__GOAL OF THE EXERCISE__.
Copy each record below exactly, please, and leave its pictures out.

Dataset entries

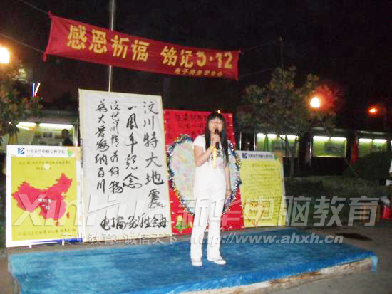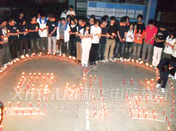 为悼念在5·12大地震中罹难的同胞们,5月12日,安徽新华电脑专修学院电子商务学生会在西区举办了汶川大地震悼念活动。此次悼念活动内容有两项:5月11号至5月12号通过摆展台和班级宣传,向全体新华师生征集他们对汶川的祝福;5月12号晚上8:00点燃心形蜡烛为汶川祈福,并通过感人的节目表达我们为汶川加油。参加活动的有365西校区的各兄弟社团、阿里巴巴定向培训班和若干班级,活动得到了校领导的大力支持。
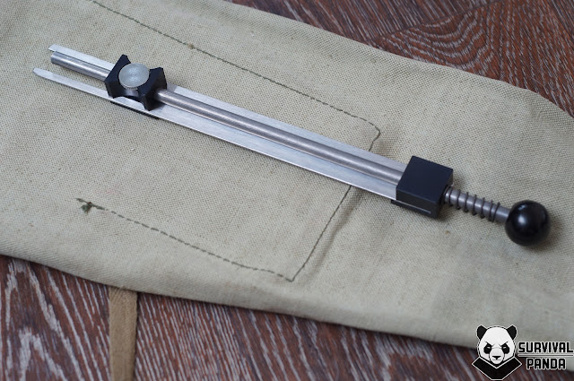 Держатель абразива регулируемый. Можно зажимать, как скошенные бланки, так и бруски с торцами 90 градусов. Единственное разочарование — ограничен минимальный размер камня, раньше такого не было и я во всю использовал компактные веневские алмазные бруски.
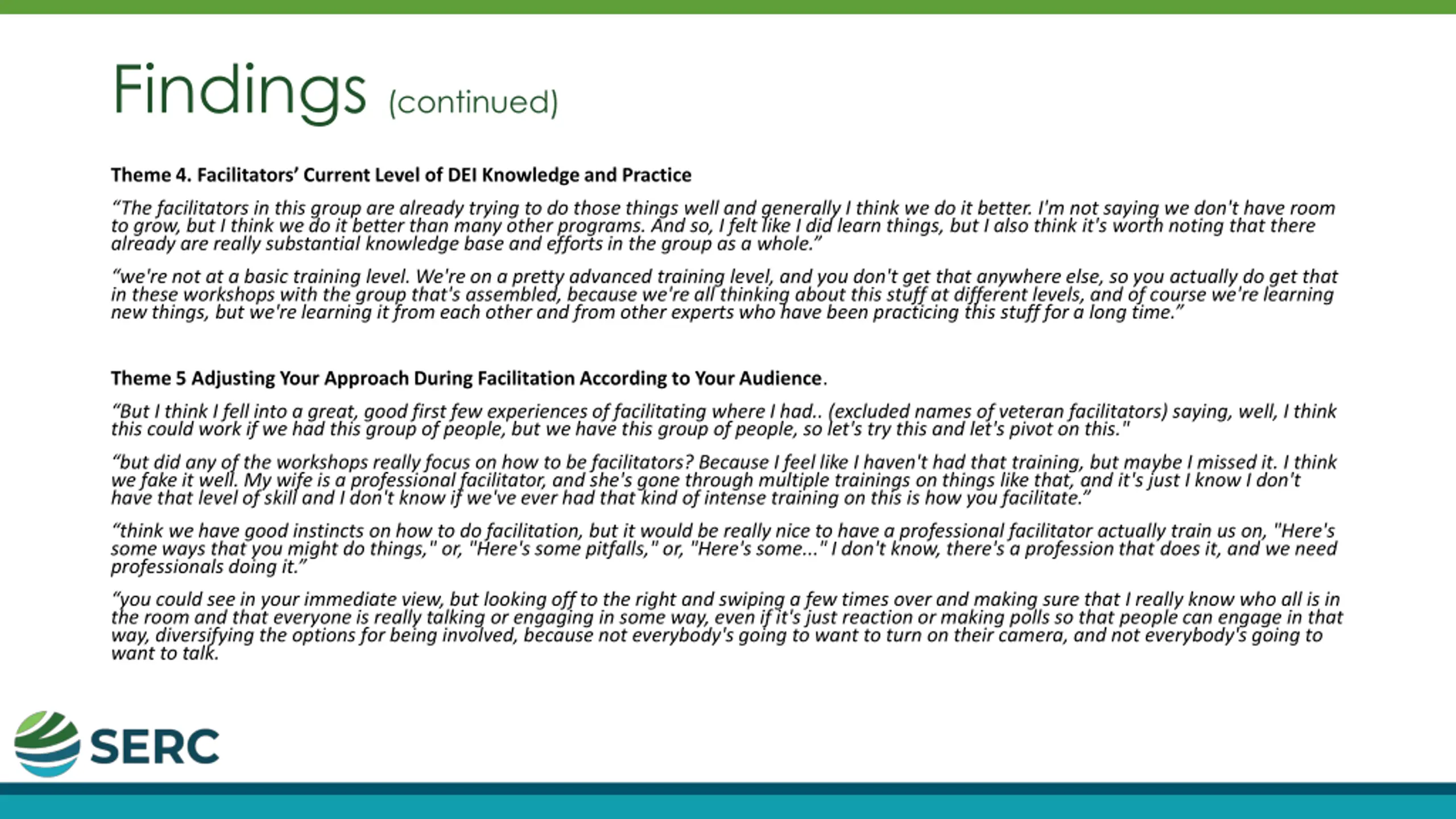 Findings (continued) Theme 4. Facilitators Current Level of DEI Knowledge and Practice The facilitators in this group are already trying to do those things well and generally I think we do it better. I'm not saying we don't have room to grow, but I think we do it better than many other programs. And so, I felt like I did learn things, but I also think it's worth noting that there already are really substantial knowledge base and efforts in the group as a whole. we're not at a basic training level. We're on a pretty advanced training level, and you don't get that anywhere else, so you actually do get that in these workshops with the group that's assembled, because we're all thinking about this stuff at different levels, and of course we're learning new things, but we're learning it from each other and from other experts who have been practicing this stuff for a long time. Theme 5 Adjusting Your Approach During Facilitation According to Your Audience. But I think I fell into a great, good first few experiences of facilitating where I had.. (excluded names of veteran facilitators) saying, well, I think this could work if we had this group of people, but we have this group of people, so let's try this and let's pivot on this." but did any of the workshops really focus on how to be facilitators? Because I feel like I haven't had that training, but maybe I missed it. I think we fake it well. My wife is a professional facilitator, and she's gone through multiple trainings on things like that, and it's just I know I don't have that level of skill and I don't know if we've ever had that kind of intense training on this is how you facilitate. think we have good instincts on how to do facilitation, but it would be really nice to have a professional facilitator actually train us on, "Here's some ways that you might do things," or, "Here's some pitfalls," or, "Here's some..." I don't know, there's a profession that does it, and we need professionals doing it. you could see in your immediate view, but looking off to the right and swiping a few times over and making sure that I really know who all is in the room and that everyone is really talking or engaging in some way, even if it's just reaction or making polls so that people can engage in that way, diversifying the options for being involved, because not everybody's going to want to turn on their camera, and not everybody's going to want to talk.
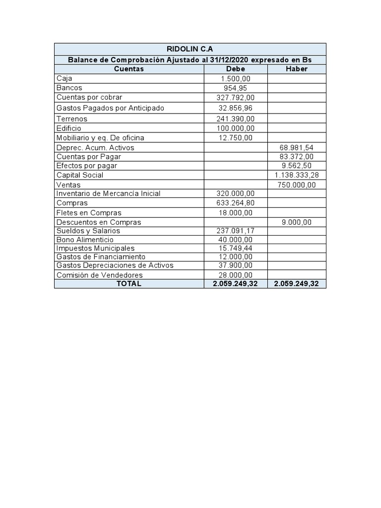 Balance de Comprobación Ajustado al 31/12/2020 expresado en Bs
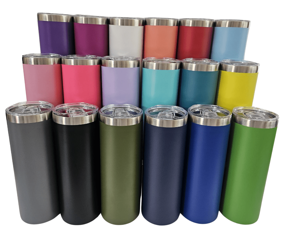 The 20oz straight silver-rimmed powder-coated tumbler is a versatile and stylish choice for beverage enthusiasts. Available in a 18 colours, it caters to personal style while providing practical functionality. The double-walled, vacuum insulation is designed to maintain the temperature of both hot and cold drinks for extended periods, ensuring your beverage remains at your preferred temperature. The inclusion of both a plastic and metal straw offers options for sipping convenience, while the black rubber coaster prevents surface damage and provide stability. The sealable, leakproof, BPA-free lid adds an extra layer of security, making it an ideal companion for both indoor and outdoor activities. Whether you’re enjoying a hot coffee on a chilly morning or sipping a cold lemonade on a sunny day, this tumbler is engineered to enhance your drinking experience.
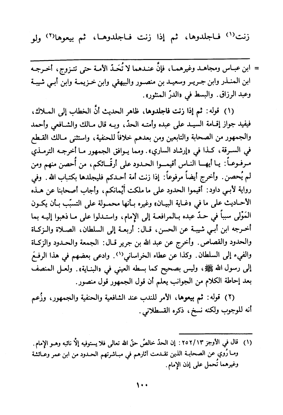 (¬4) قوله: ثم إذا زنت فاجلدوها، ظاهر الحديث أنَّ الخطاب إلى الملاك، فيفيد جواز إقامة السيد على عبده وأمته الحدّ، وبه قال مالك والشافعي وأحمد والجمهور من الصحابة والتابعين ومن بعدهم خلافاً للحنفية، واستثنى مالك القطع في السرقة، كذا في "إرشاد الساري". ومما يوافق الجمهور ما أخرجه الترمذي مرفوعاً: يا أيها الناس أقيموا الحدود على أرقّائكم، من أُحصن منهم ومن لم يُحصن. وأخرج أيضاً مرفوعاً: إذا زنت أمة أحدكم فليجلدها بكتاب الله. وفي رواية لأبي داود: أقيموا الحدود على ما ملكت أَيْمانكم، وأجاب أصحابنا عن هذه الأحاديث على ما في "غاية البيان" وغيره بأنها محمولة على التسبّب بأن يكون المَوْلى سبباً في حدّ عبده بالمرافعة إلى الإِمام، واستدلوا على ما ذهبوا إليه بما أخرجه ابن أبي شيبة عن الحسن، قال: أربعة إلى السلطان، الصلاة والزكاة والحدود والقصاص. وأخرج عن عبد الله بن جرير قال: الجمعة والحدود والزكاة والفيء إلى السلطان. وكذا عن عطاء الخرساني (قال في الأوجز 13/252: إن الحدّ خالصُ حقّ الله تعالى فلا يستوفيه إلاَّ نائبه وهو الإِمام. وما رُوي عن الصحابة الذين تقدمت آثارهم في مباشرتهم الحدود من ابن عمر وعائشة وغيرهما تُحمل على إذن الإِمام) . وادعى بعضهم في هذا الرفعَ إلى رسول الله صلى الله عليه وسلم، وليس بصحيح كما بسطه العيني في "البناية". ولعل المنصف بعد إحاطة الكلام من الجوانب يعلم أن قول الجمهور قول المنصور.
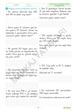 1. Bir çıkarma işleminde çıkan 685, 25 yaş daha büyüktür. Babamın yaşı
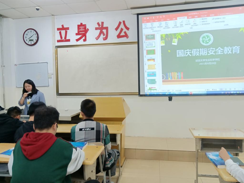 会议对国庆假期做了安排。张蓉老师从疫情防控、留校安全、交通安全、防网络电信诈骗、食品安全、消防安全、财产安全、国家安全等方面进行了讲解。她特别强调了疫情防控和宿舍消防安全等问题。她要求同学们牢固树立安全防范意识、自我保护意识和国家安全意识,防止各类事故和上当受骗事件的发生,自觉维护国家安全。

__RESULT__.
 为悼念在5·12大地震中罹难的同胞们,5月12日,安徽新华电脑专修学院电子商务学生会在西区举办了汶川大地震悼念活动。此次悼念活动内容有两项:5月11号至5月12号通过摆展台和班级宣传,向全体新华师生征集他们对汶川的祝福;5月12号晚上8:00点燃心形蜡烛为汶川祈福,并通过感人的节目表达我们为汶川加油。参加活动的有365西校区的各兄弟社团、阿里巴巴定向培训班和若干班级,活动得到了校领导的大力支持。
 Держатель абразива регулируемый. Можно зажимать, как скошенные бланки, так и бруски с торцами 90 градусов. Единственное разочарование — ограничен минимальный размер камня, раньше такого не было и я во всю использовал компактные веневские алмазные бруски.
 Findings (continued) Theme 4. Facilitators Current Level of DEI Knowledge and Practice The facilitators in this group are already trying to do those things well and generally I think we do it better. I'm not saying we don't have room to grow, but I think we do it better than many other programs. And so, I felt like I did learn things, but I also think it's worth noting that there already are really substantial knowledge base and efforts in the group as a whole. we're not at a basic training level. We're on a pretty advanced training level, and you don't get that anywhere else, so you actually do get that in these workshops with the group that's assembled, because we're all thinking about this stuff at different levels, and of course we're learning new things, but we're learning it from each other and from other experts who have been practicing this stuff for a long time. Theme 5 Adjusting Your Approach During Facilitation According to Your Audience. But I think I fell into a great, good first few experiences of facilitating where I had.. (excluded names of veteran facilitators) saying, well, I think this could work if we had this group of people, but we have this group of people, so let's try this and let's pivot on this." but did any of the workshops really focus on how to be facilitators? Because I feel like I haven't had that training, but maybe I missed it. I think we fake it well. My wife is a professional facilitator, and she's gone through multiple trainings on things like that, and it's just I know I don't have that level of skill and I don't know if we've ever had that kind of intense training on this is how you facilitate. think we have good instincts on how to do facilitation, but it would be really nice to have a professional facilitator actually train us on, "Here's some ways that you might do things," or, "Here's some pitfalls," or, "Here's some..." I don't know, there's a profession that does it, and we need professionals doing it. you could see in your immediate view, but looking off to the right and swiping a few times over and making sure that I really know who all is in the room and that everyone is really talking or engaging in some way, even if it's just reaction or making polls so that people can engage in that way, diversifying the options for being involved, because not everybody's going to want to turn on their camera, and not everybody's going to want to talk.
 Balance de Comprobación Ajustado al 31/12/2020 expresado en Bs
 The 20oz straight silver-rimmed powder-coated tumbler is a versatile and stylish choice for beverage enthusiasts. Available in a 18 colours, it caters to personal style while providing practical functionality. The double-walled, vacuum insulation is designed to maintain the temperature of both hot and cold drinks for extended periods, ensuring your beverage remains at your preferred temperature. The inclusion of both a plastic and metal straw offers options for sipping convenience, while the black rubber coaster prevents surface damage and provide stability. The sealable, leakproof, BPA-free lid adds an extra layer of security, making it an ideal companion for both indoor and outdoor activities. Whether you’re enjoying a hot coffee on a chilly morning or sipping a cold lemonade on a sunny day, this tumbler is engineered to enhance your drinking experience.
 (¬4) قوله: ثم إذا زنت فاجلدوها، ظاهر الحديث أنَّ الخطاب إلى الملاك، فيفيد جواز إقامة السيد على عبده وأمته الحدّ، وبه قال مالك والشافعي وأحمد والجمهور من الصحابة والتابعين ومن بعدهم خلافاً للحنفية، واستثنى مالك القطع في السرقة، كذا في "إرشاد الساري". ومما يوافق الجمهور ما أخرجه الترمذي مرفوعاً: يا أيها الناس أقيموا الحدود على أرقّائكم، من أُحصن منهم ومن لم يُحصن. وأخرج أيضاً مرفوعاً: إذا زنت أمة أحدكم فليجلدها بكتاب الله. وفي رواية لأبي داود: أقيموا الحدود على ما ملكت أَيْمانكم، وأجاب أصحابنا عن هذه الأحاديث على ما في "غاية البيان" وغيره بأنها محمولة على التسبّب بأن يكون المَوْلى سبباً في حدّ عبده بالمرافعة إلى الإِمام، واستدلوا على ما ذهبوا إليه بما أخرجه ابن أبي شيبة عن الحسن، قال: أربعة إلى السلطان، الصلاة والزكاة والحدود والقصاص. وأخرج عن عبد الله بن جرير قال: الجمعة والحدود والزكاة والفيء إلى السلطان. وكذا عن عطاء الخرساني (قال في الأوجز 13/252: إن الحدّ خالصُ حقّ الله تعالى فلا يستوفيه إلاَّ نائبه وهو الإِمام. وما رُوي عن الصحابة الذين تقدمت آثارهم في مباشرتهم الحدود من ابن عمر وعائشة وغيرهما تُحمل على إذن الإِمام) . وادعى بعضهم في هذا الرفعَ إلى رسول الله صلى الله عليه وسلم، وليس بصحيح كما بسطه العيني في "البناية". ولعل المنصف بعد إحاطة الكلام من الجوانب يعلم أن قول الجمهور قول المنصور.
 1. Bir çıkarma işleminde çıkan 685, 25 yaş daha büyüktür. Babamın yaşı
 会议对国庆假期做了安排。张蓉老师从疫情防控、留校安全、交通安全、防网络电信诈骗、食品安全、消防安全、财产安全、国家安全等方面进行了讲解。她特别强调了疫情防控和宿舍消防安全等问题。她要求同学们牢固树立安全防范意识、自我保护意识和国家安全意识,防止各类事故和上当受骗事件的发生,自觉维护国家安全。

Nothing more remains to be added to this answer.